= Directions for this task =
Strip out all images, then restate the data verbatim.

= Source data =
--- START ---

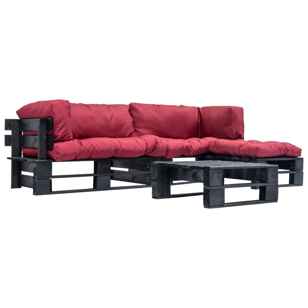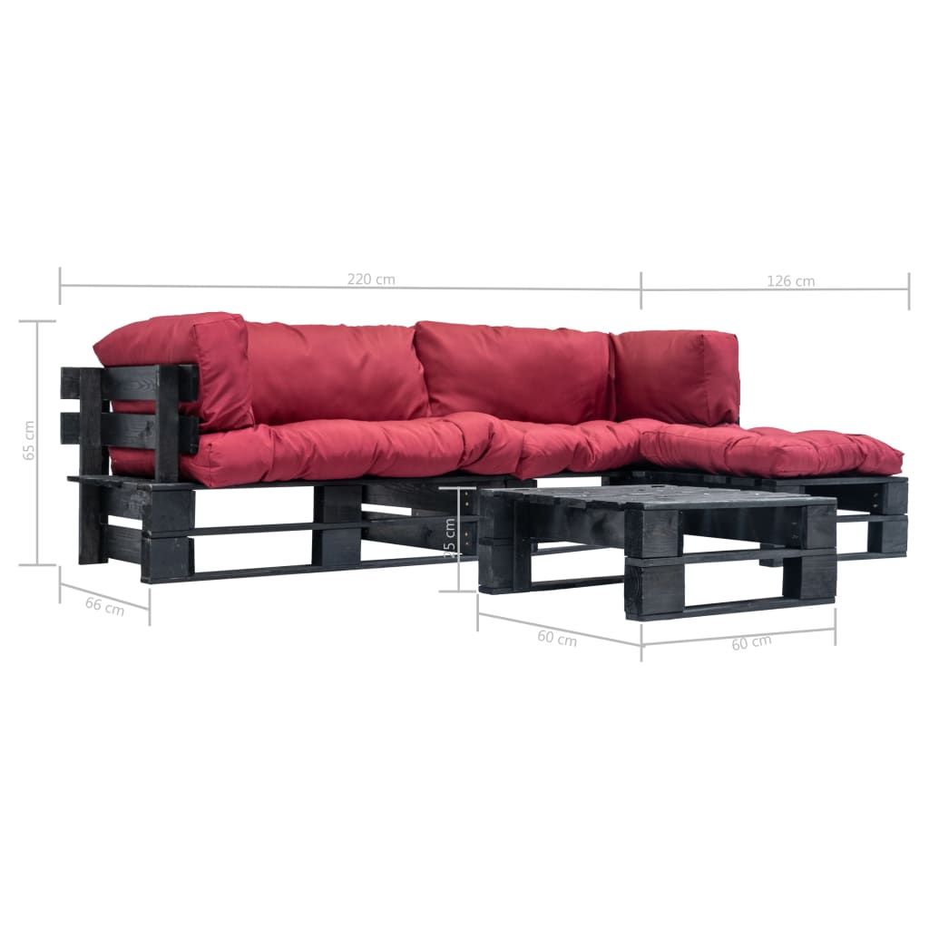 4-cz. zestaw ogrodowy, czerwone poduszki, palety z drewna
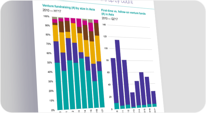Venture fundraising (#) by size in Asia First-time vs. follow-on venture funds (#) in Asia 2010 — H1'17 2010 — Q2'17 100% 140 90% 120 80% 70% 100 60% 80 50% 40% 60 30% 40 20% 20 10% 0% 0 1 2 3 4 5 6 * 7 0 1 1 1 1 1 1 1 0 0 0 0 0 0 0 1 0 1 2 3 4 5 6 * 2 2 2 2 2 2 2 0 1 1 1 1 1 1 1 7 2 0 0 0 0 0 0 0 1 2 2 2 2 2 2 2 0 2 Under $50M $50M-$100M $100M-$250M First-time Follow-on $250M-$500M $500M-$1B $1B+ Source: Venture Pulse, Q2'17, Global Analysis of Venture Funding, KPMG Enterprise. *As of 3/3/1/2017. Data provided by PitchBook, July 13, 2017. © 2017 KPMG International Cooperative (“KPMG International”). KPMG International provides no client services and is a Swiss entity with which the independent member firms of the KPMG network are affiliated. #Q2VC
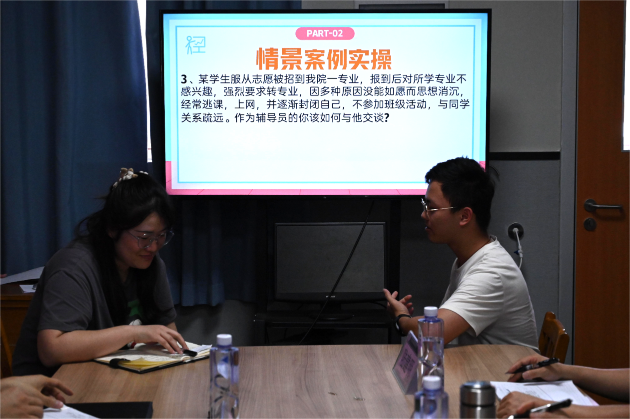 首先,由学院党总支专职副书记、学管主任郑理广介绍这次比赛意义和要求,本次比赛主要包括“组织主题班会”和“情景案例实操”两个项目。

--- END ---

= Result below =
 4-cz. zestaw ogrodowy, czerwone poduszki, palety z drewna
Venture fundraising (#) by size in Asia First-time vs. follow-on venture funds (#) in Asia 2010 — H1'17 2010 — Q2'17 100% 140 90% 120 80% 70% 100 60% 80 50% 40% 60 30% 40 20% 20 10% 0% 0 1 2 3 4 5 6 * 7 0 1 1 1 1 1 1 1 0 0 0 0 0 0 0 1 0 1 2 3 4 5 6 * 2 2 2 2 2 2 2 0 1 1 1 1 1 1 1 7 2 0 0 0 0 0 0 0 1 2 2 2 2 2 2 2 0 2 Under $50M $50M-$100M $100M-$250M First-time Follow-on $250M-$500M $500M-$1B $1B+ Source: Venture Pulse, Q2'17, Global Analysis of Venture Funding, KPMG Enterprise. *As of 3/3/1/2017. Data provided by PitchBook, July 13, 2017. © 2017 KPMG International Cooperative (“KPMG International”). KPMG International provides no client services and is a Swiss entity with which the independent member firms of the KPMG network are affiliated. #Q2VC
 首先,由学院党总支专职副书记、学管主任郑理广介绍这次比赛意义和要求,本次比赛主要包括“组织主题班会”和“情景案例实操”两个项目。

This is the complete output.